Experiment: ELF file format and program compilation link
The creation of executable files? Overview of the process from source code to executables: source code (. C. cpp. h) After C preprocessor (CPP) generates. i files, compiler (CC1, Cc1plus) compiles. s files, assembler (AS) After assembling the. s file, the. o file is generated, and the linker (LD) link. o file generates an executable file. GCC is the packaging of CPP, CC1 (Cc1plus), as, LD, which will invoke the background program according to different parameter requirements.
Take the HelloWorld procedure as an example:
Gcc -E -o hello.cpp hello.c -m32 //Generate preprocessed files
Hello.cpp / / preprocessing is responsible for including include files and macro replacement work
Gcc -x cpp-output -S -o hello.s hello.cpp -m32 Compiled into assembly code hello.s
Gcc -x assembler -c hello.s -o hello.o -m32 Compile into object code and get the binary file hello.o
Gcc -o hello hello.o -m32 link to executable file hello
./hello runs the hello file
Second, the composition of the executable file? (1) There are three main types of files in elf format:? ① relocatable Files: Keep the code and the appropriate data together with other object files to create an executable file or a shared file. For example. o files. ② executables: Files that can be run. This file indicates how exec (Ba_os) created the process image. Again to associate the difference between the program and the process. Is this executable file a process or a program? We found that it contained only segments of. Text and. Data, not a stack segment. So you can be sure it's just a program. When it is called into memory by the operating system, it does not really become a process. For example, an. out file. ③ Shared object file: The code and data are saved and linked by two linker. One is the connection editor, and other object files can be relocated and shared to create additional objects. The second is a dynamic linker that unites an executable file and other shared object files to create a process image.? (2) The head of the elf file: Use the command readelf-h hello to view the header of the Hello file:
? The elf's head holds the metadata, which is the roadmap that describes the organization of the document. The Program Header table, for example, tells the system how to create a memory image of a process. The section Headers table (section Header table) contains information describing the sections of the file. Each section has an entry in the table, and each entry gives information such as its name, size, and so on. The remainder of the elf is sections, including code snippets, data segments. These are loaded into the virtual address space of the memory when the program becomes a process image, loaded from the elf head, so you can see that the real code starts with 0x400430, which is the real program entry. The code required for a static link is all in the code snippet, and the dynamic link is not the same, it will be at runtime to find the middle part of the memory loaded library functions. Iii. Loading of executable programs (1) Loading: Execution Environment shell of executable program. The shell is the user-typed command that loads and executes the executable's console. The essence of the shell is to provide a graphical interface that parses a user-written string into a really executed command or executable program. Two questions: What is the program or instruction that ① really executes? The answer is that the EXECVE system call (the library function exec* are EXECVE encapsulation routines). ② How do I call the system to pass the parameter? That is, what is the default format for the pass parameter? A: The shell will pass in EXECVE parameters are two, one is the program itself parameters, that is, the parameters of main ARGC,ARGV, the second is the shell environment variable parameters, ENVP string array.

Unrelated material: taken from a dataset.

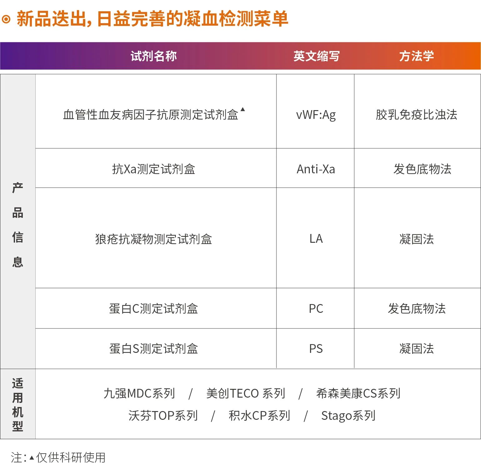 九強生物是中國領先的臨床體外診斷產(chǎn)品與服務供應商之一,目前擁有自主研發(fā)的全自動凝血檢測分析儀MDC7500和MDC3500以及德國原裝進口的Coatron5000、Coatron3000和Coatron1800,專業(yè)配套的凝血檢測試劑在滿足自有檢測系統(tǒng)的同時也能完美匹配主流血凝檢測系統(tǒng),滿足不同客戶的需求,為臨床提供全面的血栓與止血實驗室解決方案。

To see the type of the EXECVE parameter:
int execve(const char * filename,char * const argv[ ],char * const envp[ ]);
? Of course, some programs have main functions that do not handle environment variable parameters, such as common:
? But sometimes it is supported, for example, so that the parameters of the environment variables passed in at this time will be used for parsing.
int main(int argc, char *argv[], char *envp[])
? (2) How does Execve pass the parameters from the kernel state to the user-state stack of the process (assuming the process is user-state)?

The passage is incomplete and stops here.